Bug #36759 MySQL Cluster Node Failure
Submitted: 16 May 2008 15:00 Modified: 16 Jun 2008 15:13
Reporter: Riyaaz Domingo Email Updates:
Status: No Feedback Impact on me:
None 
Category:MySQL Cluster: Cluster (NDB) storage engine Severity:S1 (Critical)
Version:5.1.24 OS:Other (Debian)
Assigned to: CPU Architecture:Any

[16 May 2008 15:00] Riyaaz Domingo
Description:

When re-introdcuing a second node back into a two node cluster, the failure of the second node resulted in the first node crashing. I have extracted the log data from both the ndb log as well as the management node log.

2008-05-16 15:32:10 [MgmSrvr] INFO     -- Node 2: Node 3 is WAIT_LCP including in LCP
2008-05-16 15:38:09 [MgmSrvr] ALERT    -- Node 1: Node 3 Disconnected
2008-05-16 15:38:09 [MgmSrvr] ALERT    -- Node 2: Node 3 Disconnected
2008-05-16 15:38:09 [MgmSrvr] INFO     -- Node 2: Communication to Node 3 closed
2008-05-16 15:38:09 [MgmSrvr] ALERT    -- Node 2: Network partitioning - arbitration required
2008-05-16 15:38:09 [MgmSrvr] INFO     -- Node 2: President restarts arbitration thread [state=7]
2008-05-16 15:38:10 [MgmSrvr] ALERT    -- Node 2: Arbitration won - positive reply from node 1
2008-05-16 15:38:10 [MgmSrvr] INFO     -- Node 2: DICT: remove lock by failed node 3 for NodeRestart
2008-05-16 15:38:10 [MgmSrvr] INFO     -- Node 2: DICT: lock bs: 0 ops: 0 poll: 0 cnt: 0 queue:
2008-05-16 15:38:11 [MgmSrvr] INFO     -- Node 2: Started arbitrator node 1 [ticket=63430029f1f3b40a]
2008-05-16 15:39:15 [MgmSrvr] WARNING  -- Node 2: Failure handling of node 3 has not completed in 1 min. - state = 3
2008-05-16 15:40:20 [MgmSrvr] WARNING  -- Node 2: Failure handling of node 3 has not completed in 2 min. - state = 3
2008-05-16 15:41:26 [MgmSrvr] WARNING  -- Node 2: Failure handling of node 3 has not completed in 3 min. - state = 3
2008-05-16 15:42:08 [MgmSrvr] INFO     -- Node 2: Communication to Node 3 opened
2008-05-16 15:43:49 [MgmSrvr] ALERT    -- Node 2: Node 4 Disconnected
2008-05-16 15:43:49 [MgmSrvr] INFO     -- Node 2: Communication to Node 4 closed
2008-05-16 15:43:53 [MgmSrvr] INFO     -- Node 2: Communication to Node 4 opened
2008-05-16 15:43:54 [MgmSrvr] INFO     -- Mgmt server state: nodeid 4 reserved for ip 10.178.110.206, m_reserved_nodes 0000000000000012.
2008-05-16 15:43:54 [MgmSrvr] INFO     -- Node 4: mysqld --server-id=0
2008-05-16 15:43:55 [MgmSrvr] INFO     -- Node 2: Node 4 Connected
2008-05-16 15:43:55 [MgmSrvr] INFO     -- Node 2: Node 4: API version 5.1.24
2008-05-16 15:44:00 [MgmSrvr] ALERT    -- Node 1: Node 2 Disconnected
2008-05-16 15:44:03 [MgmSrvr] ALERT    -- Node 2: Forced node shutdown completed. Caused by error 2341: 'Internal program error (failed ndbrequire)(Internal error, programming error or missing error message, please report a bug). Temporary error, restart node'.
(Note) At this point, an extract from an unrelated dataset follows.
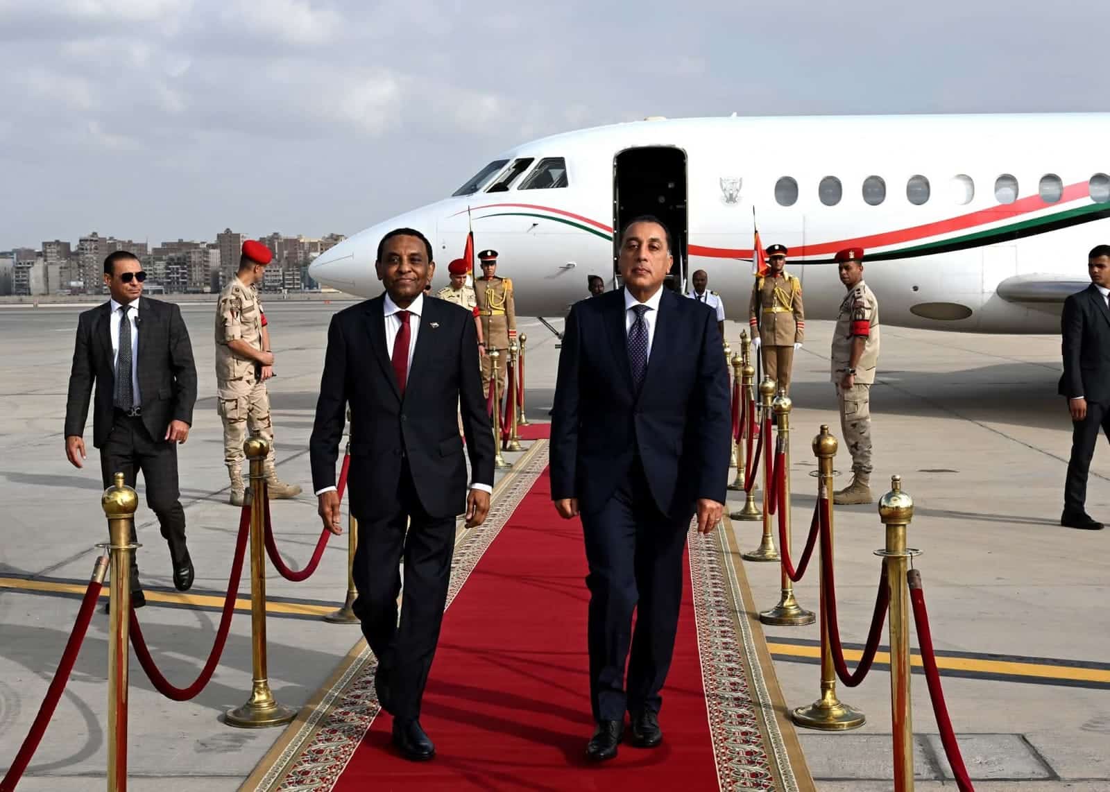 في مشهد حمل رسائل سياسية واضحة، استقبل الدكتور مصطفى مدبولي، رئيس مجلس الوزراء، صباح الخميس، نظيره السوداني الدكتور كامل الطيب إدريس، بمطار القاهرة الدولي، وسط مراسم استقبال رسمية حافلة، عزفت خلالها الموسيقى العسكرية السلامين الوطنيين للبلدين، واصطفت حرس الشرف في مشهد لافت يعكس أهمية الزيارة.

Please advise if you require any other information regarding the hardware, os or additional log information. For now i have only started the cluster with teh working data node.

Regards,

How to repeat:
I tried this on test and it worked fine, however i cannot replicate it again on out production setup as this will cause a service impact.
[16 May 2008 15:13] Hartmut Holzgraefe
Can you provide your config.ini and the log files from the data nodes, too?

(ndb_*_out.log, ndb_*_error.log, ndb_*_trace.log*)
[16 Jun 2008 23:00] Bugs System
No feedback was provided for this bug for over a month, so it is
being suspended automatically. If you are able to provide the
information that was originally requested, please do so and change
the status of the bug back to "Open".